Rental and aircraft maintenance expenses rose to Rs 3,262 crore, up from Rs 2,745 crore in the previous year, while tax obligations amounted to Rs 100 crore, an increase from Rs 80 crore last fiscal.

IndiGo’s CEO, Pieter Elbers, commented on the results, stating, “As India’s aviation sector evolves, we understand the necessity of optimizing our capacity during seasonally weaker periods to ensure profitability.”

He emphasized that the airline had achieved a strong operational performance, maintaining its leadership in on-time arrivals and expanding its network.

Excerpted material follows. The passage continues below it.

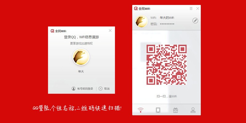 我们看到软件首页,发现电脑桌面会有个六边形的图标,整体占有桌面和其他WiFi相比更加小巧,主界面的交互简单明了。优先推荐登陆QQ账号,点击登录,你会发现这里和其他随身wifi不同,WiFi的账号则采用登陆QQ的昵称格式,密码默认格式为“q+QQ号码“,这样可以方便查找和管理。
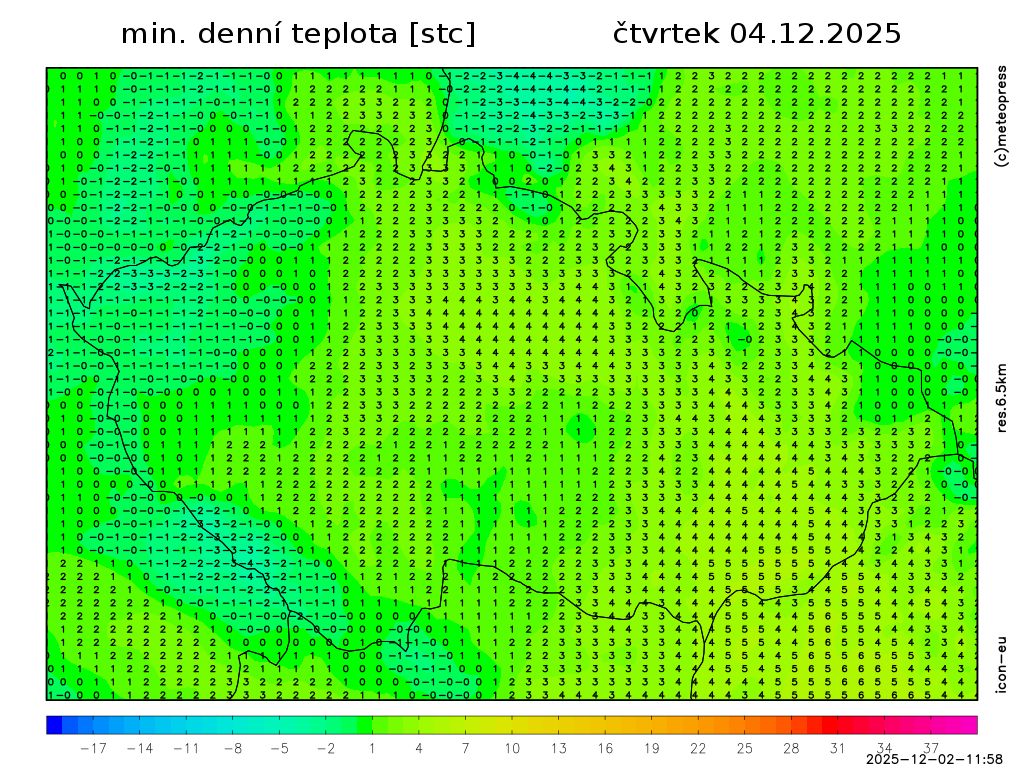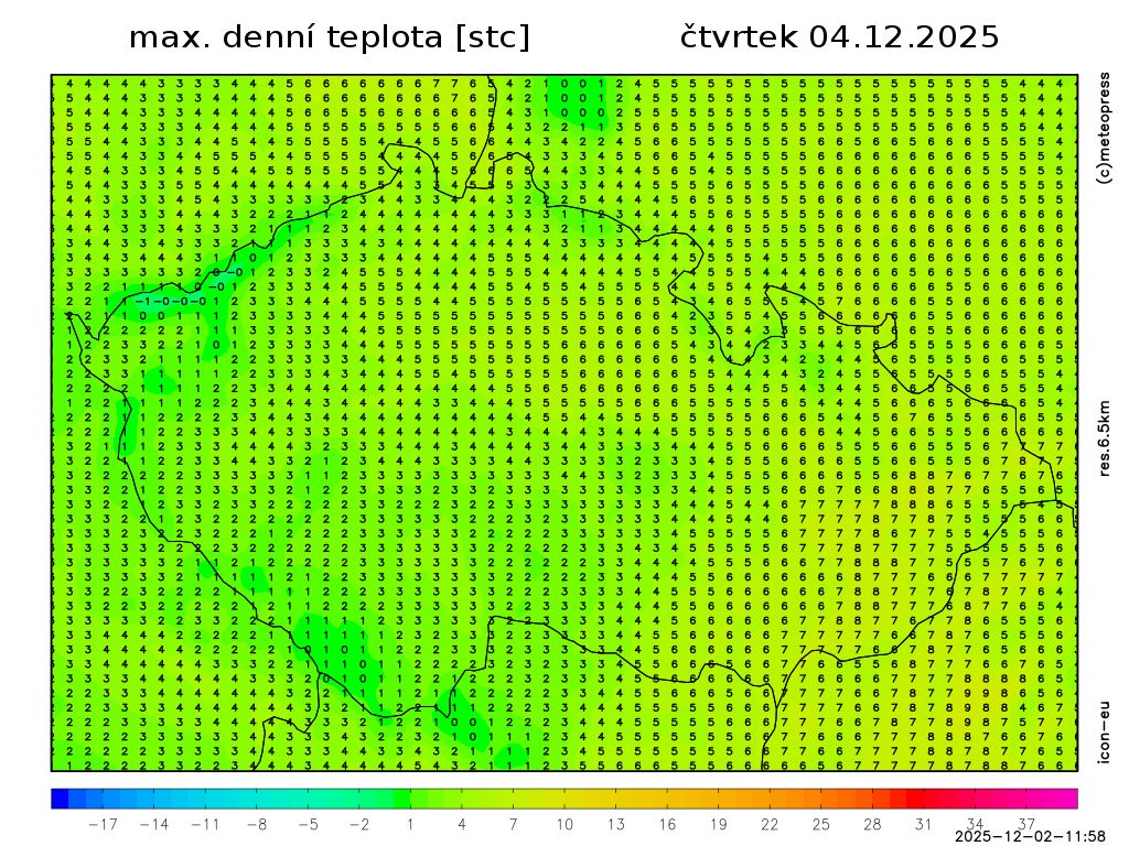 Nejvyšší denní teploty vystoupí na 0 až 5 °C, na východě až na 8 °C.

On Tuesday, shares of InterGlobe Aviation Limited, IndiGo’s parent company, closed down by 1.06 percent at Rs 5,635 on the BSE.

Point of View

I recognize that IndiGo's recent financial results reflect the volatility of the aviation industry. While the loss is concerning, the growth in operational revenue and passenger income indicates resilience. It’s crucial for the airline to navigate these challenges for sustained growth.
NationPress
09/11/2025

Frequently Asked Questions

What caused IndiGo's loss in Q2 FY26?
IndiGo's loss was primarily driven by significant foreign exchange losses amounting to Rs 2,892 crore, alongside rising operational costs.
How did IndiGo perform in terms of revenue?
IndiGo's revenue from operations rose by 9% year-on-year to Rs 18,555 crore, bolstered by increased passenger and ancillary income.
What impact did foreign exchange losses have?
Without the forex losses, IndiGo would have achieved a net profit of Rs 104 crore, highlighting the significant impact of currency fluctuations.
What measures is IndiGo taking for profitability?
IndiGo aims to optimize capacity during off-peak seasons and maintain operational efficiency to enhance profitability.
What does this loss mean for IndiGo's future?
The loss raises concerns but also emphasizes the need for strategic adjustments to ensure long-term sustainability in an evolving market.